Cost function in linear regression
Dissecting the Squared Error Cost Function in Linear Regression

Hi, I’m Saachi! 👋 I am anundergraduate with a passion for tech. I realized that reading about Machine Learning wasn't enough, so I started Code Train Repeat—a series where I document my journey.
I am moving past pure definitions. To truly understand how a model evaluates its performance, I need to look closely at the mechanics of the mathematical loss functions used in optimization.
Today, I broke down Univariate Linear Regression and the exact geometry of the Mean Squared Error (MSE) Cost Function. The goal is simple: understand the calculus conceptually so that implementing it in vectorized code later doesn't result in hidden dimension alignment bugs.

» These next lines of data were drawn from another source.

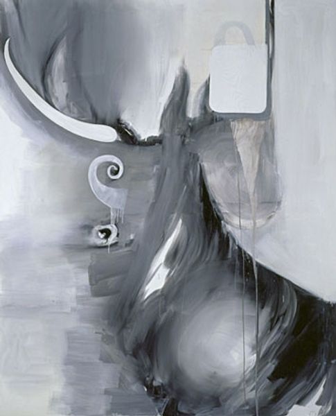 Blek le Rat's "Subliminal Projects," presents a striking stencil of a sheep set against a textured background of blended earth tones punctuated by vivid blue. This contrast immediately draws the eye, creating a dynamic visual tension. Le Rat, a pioneer in stencil graffiti, elevates the mundane to the monumental. The sheep, rendered in stark black and white, is both familiar and anonymous, its identity obscured by the medium. The stencil technique flattens the image, reducing depth and emphasizing the graphic quality of the form. This deliberate simplification prompts us to consider the sheep not as an individual creature but as a sign. Here, the animal becomes a vessel for cultural meanings and interpretations. Does the sheep signify innocence, conformity, or perhaps something more subversive? The title, "Subliminal Projects," suggests hidden messages embedded within the image. The artwork invites us to decode these layers, pushing beyond the surface to engage with the broader social and political contexts that inform Le Rat's practice.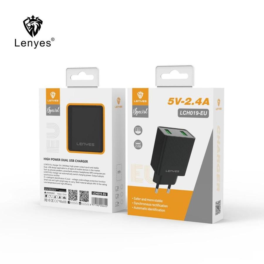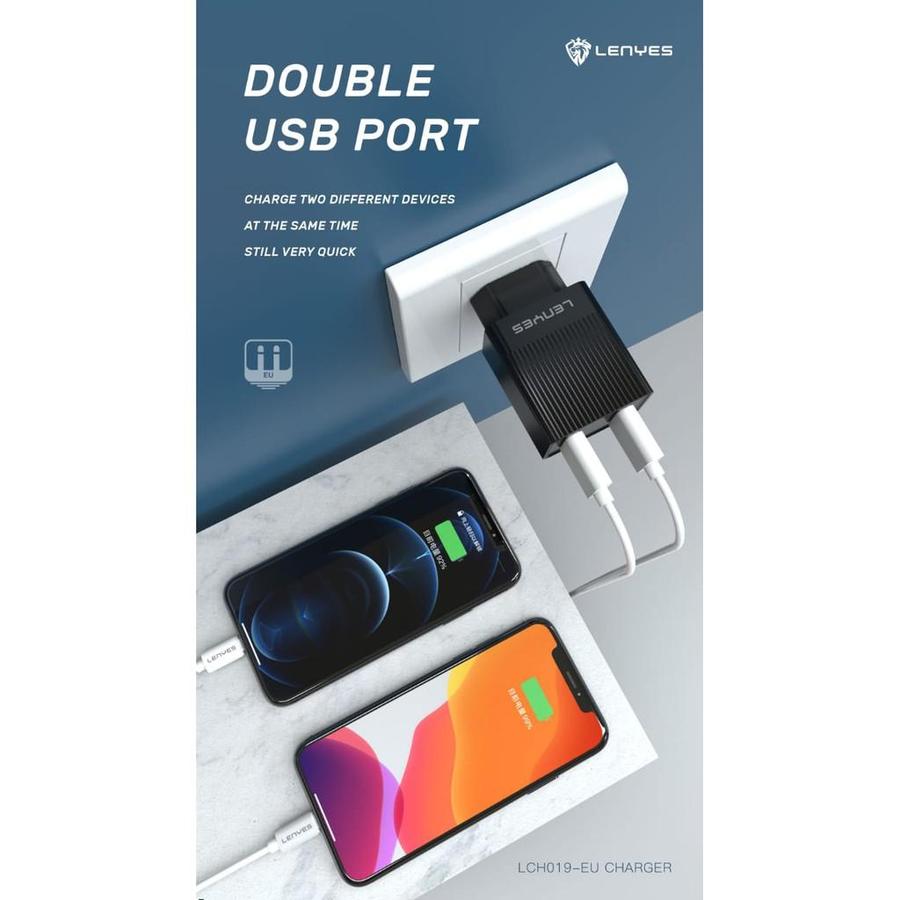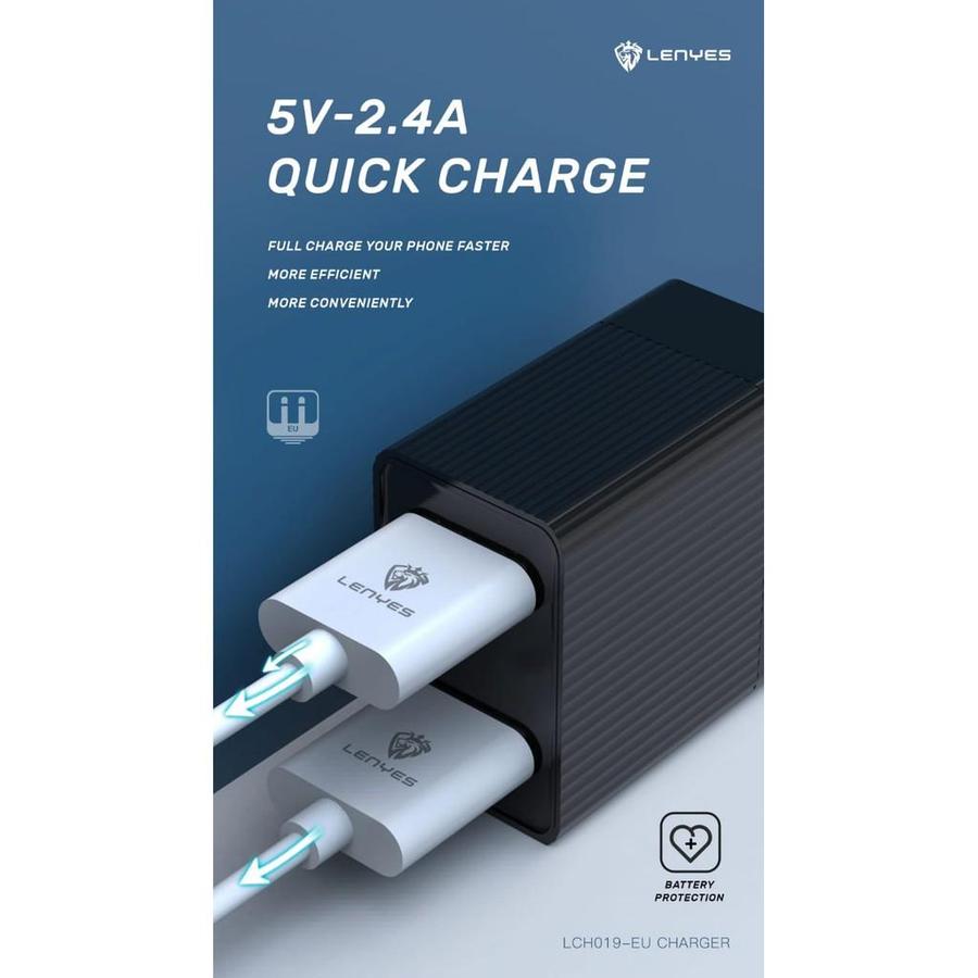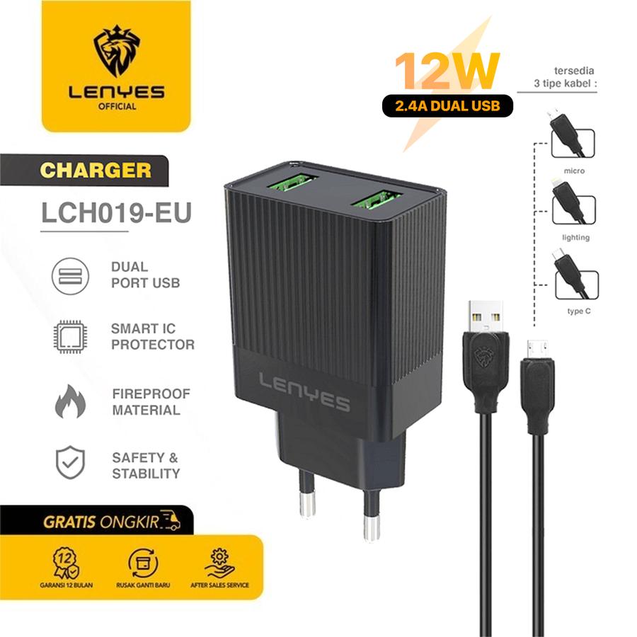Charger HP Kepala Charger LENYES LCH019 12W 2.4A 2 USB Adaptor Adapter Handphone Original Original Official Store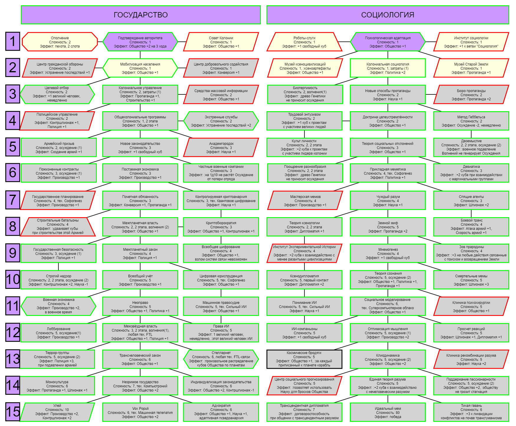 >>703048 Все верно, но плюс к этому какого бы цвета ни была технология (прямоугольник), ее можно всегда изучить наукой. >Все технологии могут быть исследованы с помощью Науки. Но некоторые можно открыть, частично или полностью используя другие параметры. В частности: >в синей рамке — открывается только с помощью Науки, >в зелёной или белой — можно дополнительно использовать Общество, >в красной — Производство, >в чёрной — открывается любым параметром.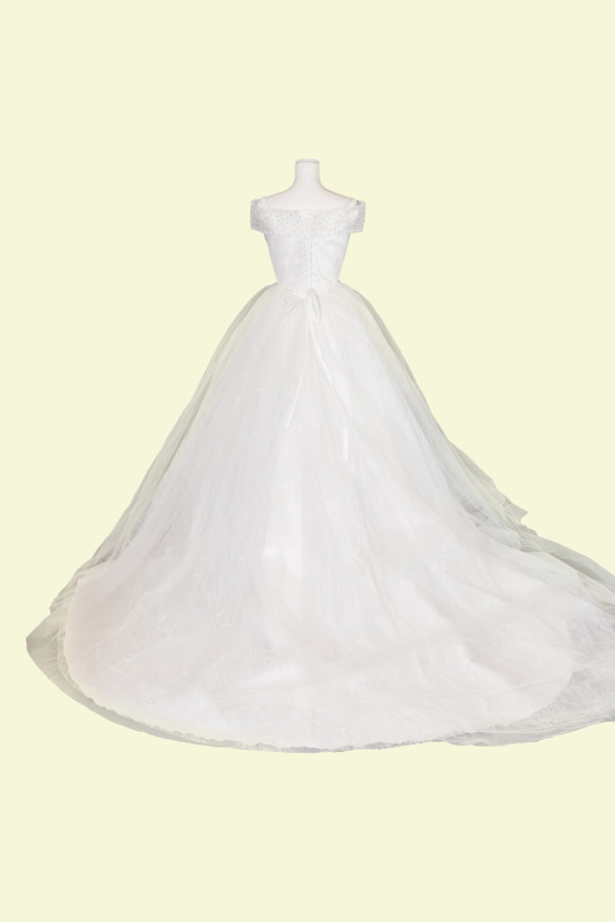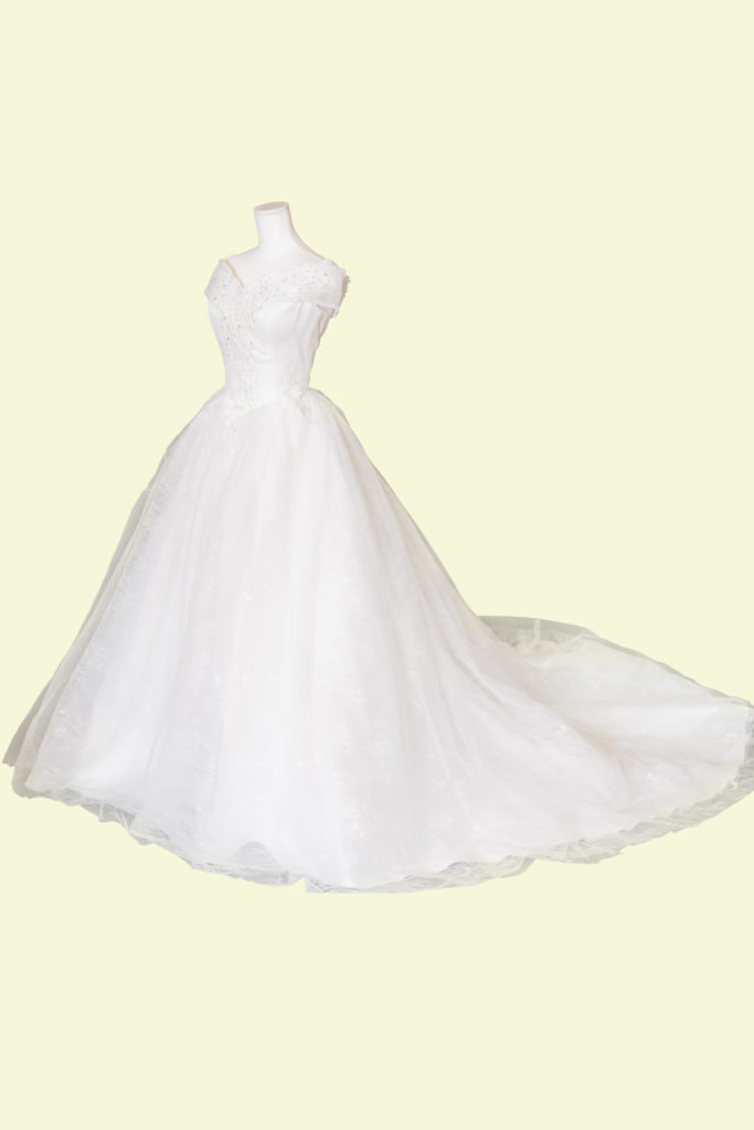 純白な色味でバスト部分のVカットがエレガントさを演出したっぷりのボリュームで可愛らしさもあります。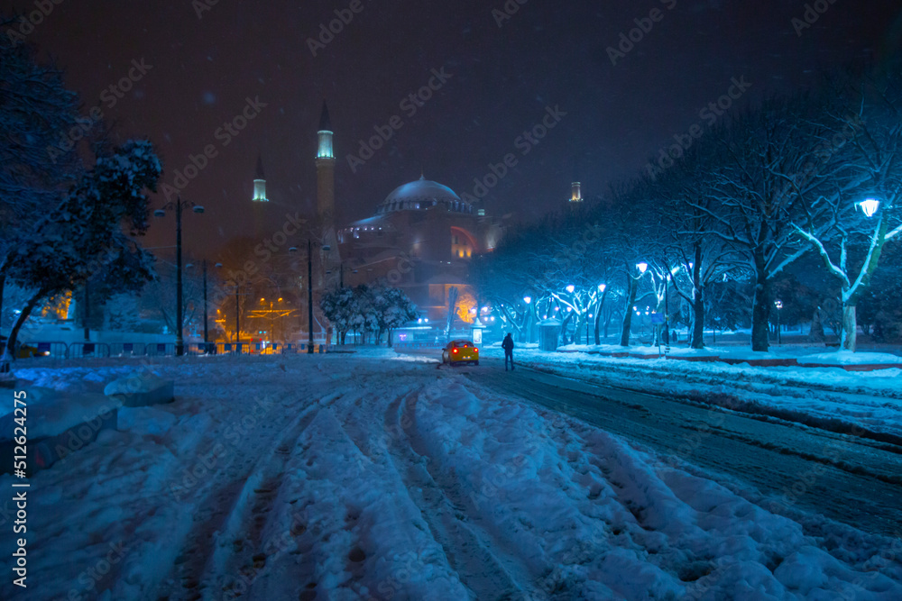 Fotografie Night snow view of Hagia Sophia and its surroundings

1. Input Theory: Defining the Engine
When a model makes a prediction, it relies on a specific mathematical function. For a univariate linear regression model—meaning a model with exactly one input variable (x)—the hypothesis function f is written as:
$$f_{w,b}(x) = wx + b$$
The parameters that control the behavior of this straight line are:
w (Weight): Controls the slope of the line.
b (Bias): Controls the y-intercept.
To evaluate how accurately these parameters fit a given training set of size m, we measure the average distance between the model's predictions (ŷ) and the true target values (y). This evaluation is handled by the squared error cost function, denoted as J(w,b):
$$J(w,b) = \frac{1}{2m} \sum_{i=1}^{m} (f_{w,b}(x^{(i)}) - y^{(i)})^2$$
Why the 2 in the denominator? The extra 1/2 term is a deliberate mathematical convenience. When we take the partial derivative of J(w,b)with respect to our parameters later during gradient descent, the exponent 2 brings down a multiplier that cancels out perfectly with the 2 in the denominator, leaving behind a much cleaner gradient update formula.
2. Process to Code: Calculating the Error Surface
To visualize exactly why this cost function behaves predictable way, I mapped a basic, clean linear dataset containing four points where y = x:
$${(x,y)} = {(0,0), (1,1), (2,2), (3,3)}$$
If we calculate the exact cost polynomial by plugging these coordinates into our equation, the summation expands to a direct function of w and b:
$$J(w,b) = \frac{1}{4}(2b^2 + 6b(w-1) + 7(w-1)^2)$$
When you map out this cost function across various values of $w$ and $b$, you get an ideal mathematical surface known as a convex function (or a bowl shape).
Notice the structure of the parameter space below:
Here is the clean implementation I ended up with in VS Code:
import numpy as np
class LinearRegressionScratch:
def __init__(self, learning_rate=0.01, iterations=1000):
self.lr = learning_rate
self.iterations = iterations
self.w = None
self.b = None
def fit(self, X, y):
# m = number of training examples
m = X.shape[0]
self.w = 0.0
self.b = 0.0
for _ in range(self.iterations):
# 1. Predict
y_pred = (self.w * X) + self.b
# 2. Calculate Gradients (The Calculus Part)
dw = (1 / m) * np.sum((y_pred - y) * X)
db = (1 / m) * np.sum(y_pred - y)
# 3. Update Parameters
self.w -= self.lr * dw
self.b -= self.lr * db
def predict(self, X):
return (self.w * X) + self.b
Train Model
if __name__ == "__main__":
# Generate mock data: y = 2x + 5 + some noise
np.random.seed(42)
X = 2 * np.random.rand(100, 1)
y = 5 + 2 * X + np.random.randn(100, 1)
# Reshape to 1D arrays for our simple implementation
X = X.flatten()
y = y.flatten()
# Train
model = LinearRegressionScratch(learning_rate=0.1, iterations=500)
model.fit(X, y)
print(f"Trained Weight (w): {model.w:.4f} (Expected close to 2.0)")
print(f"Trained Bias (b): {model.b:.4f} (Expected close to 5.0)")
3. Train Model: Analyzing the Geometry
When you slice this 3D bowl horizontally, you generate a contour plot. Each elliptical line represents a collection of coordinates $(w, b)$ that share the exact same cost value (w,b).
The Outer Rings: Represent pairs of w and b that yield a high cost value. These lines translate to a poor line-of-best-fit that misses our training points by a wide margin.
The Center Orbit: As the ellipses shrink toward the center point, the total cost value decreases toward zero.
The Global Minimum: Located at precisely (w,b) = (1,0). At this point, the cost function drops to zero, yielding the mathematically perfect linear model: y = 1x + 0.
$$\frac{\partial}{\partial b} J(w,b) = \frac{1}{m} \sum_{i=1}^{m} (f_{w,b}(x^{(i)}) - y^{(i)})$$
Understanding this topology is critical. Because the squared error cost function is strictly convex, it guarantees exactly one global minimum. There are no local traps or false dead-ends.